Firstly, a sample to be tested is fixed on the surface of a sample mounting rack 9, a displacement sensor 7 is driven by a second motor 3 to reciprocate on a screw rod 8, and the initial line roughness R of the surface of the sample is recorded₀. Then, a quasi-static test mode is set in the control system 1, at the moment, the peristaltic pump 15 starts to work, the water flow of the test pipe section is in a quasi-static state, but due to the fact that the peristaltic pump 15 drives the water flow to move slowly, microorganisms, bacteria, algae and the like in the water body are distributed in the water body more uniformly instead of being settled at the bottom of the water body fast, and therefore the real marine environment is simulated more. After the set soaking test time t, the laser displacement sensor starts to work again, and the line roughness R of the sample at the moment is recorded₁Then the amount of roughness change R_δIs composed of

R_δ＝R₁－R₀ (1)

Since the change in surface roughness is caused by biofouling, the roughness change amount R_δCan be used as an evaluation index of biofouling.

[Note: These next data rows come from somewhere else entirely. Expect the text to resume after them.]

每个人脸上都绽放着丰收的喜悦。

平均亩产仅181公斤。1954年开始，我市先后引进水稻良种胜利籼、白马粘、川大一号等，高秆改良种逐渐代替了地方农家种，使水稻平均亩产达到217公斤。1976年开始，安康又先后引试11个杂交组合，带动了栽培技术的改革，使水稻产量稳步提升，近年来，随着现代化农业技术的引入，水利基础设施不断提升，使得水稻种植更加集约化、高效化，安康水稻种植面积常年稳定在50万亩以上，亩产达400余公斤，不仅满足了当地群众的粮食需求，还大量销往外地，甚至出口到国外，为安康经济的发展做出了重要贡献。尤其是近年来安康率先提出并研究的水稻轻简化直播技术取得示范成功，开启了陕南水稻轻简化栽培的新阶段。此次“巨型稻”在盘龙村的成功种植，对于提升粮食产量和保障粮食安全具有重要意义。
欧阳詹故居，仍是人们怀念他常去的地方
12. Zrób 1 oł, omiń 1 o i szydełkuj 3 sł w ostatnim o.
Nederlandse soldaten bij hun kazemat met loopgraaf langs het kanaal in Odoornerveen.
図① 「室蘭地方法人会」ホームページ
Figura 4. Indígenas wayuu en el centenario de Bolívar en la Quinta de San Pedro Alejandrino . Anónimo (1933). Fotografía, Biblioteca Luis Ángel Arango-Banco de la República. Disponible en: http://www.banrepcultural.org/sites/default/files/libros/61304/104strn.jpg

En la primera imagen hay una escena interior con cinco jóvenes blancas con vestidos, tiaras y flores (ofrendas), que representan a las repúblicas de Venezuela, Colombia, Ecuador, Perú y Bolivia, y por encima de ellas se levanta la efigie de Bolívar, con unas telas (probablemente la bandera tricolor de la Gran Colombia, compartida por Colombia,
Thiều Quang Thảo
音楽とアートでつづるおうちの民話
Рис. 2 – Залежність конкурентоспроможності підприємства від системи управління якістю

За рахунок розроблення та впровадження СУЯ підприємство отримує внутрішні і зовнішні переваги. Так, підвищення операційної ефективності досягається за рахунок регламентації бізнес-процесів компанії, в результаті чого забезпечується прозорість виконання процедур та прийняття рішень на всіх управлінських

Second, pipeline type flushing mode

Firstly, fixing a sample to be tested on the surface of a sample mounting rack 9, and sensing displacementThe device 7 is driven by the second motor 3 to reciprocate on the screw rod 8, and the initial line roughness R of the surface of the sample is recorded ₀. A pipeline flush mode is then set in the control system 1, at which time the water pump 14 starts to operate. After the set scouring test time t, the laser displacement sensor starts to work again, and the line roughness R of the sample at the moment is recorded₁Then, the surface roughness variation R is carried out according to the formula (1)_δThe calculation of (2).

Three, wave type flushing mode

Firstly, a sample to be tested is fixed on the surface of a sample mounting rack 9, a displacement sensor 7 is driven by a second motor 3 to reciprocate on a screw rod 8, and the initial line roughness R of the surface of the sample is recorded₀. Then the control system 1 is set to wave-type flushing mode, at this time, the third motor 13 drives the rotary reciprocating mechanism (12) to start working. After the set flushing test time t, the laser displacement sensor starts to work again, and the line roughness R of the sample at the moment is recorded₁Then, the surface roughness variation R is carried out according to the formula (1)_δAnd (4) calculating.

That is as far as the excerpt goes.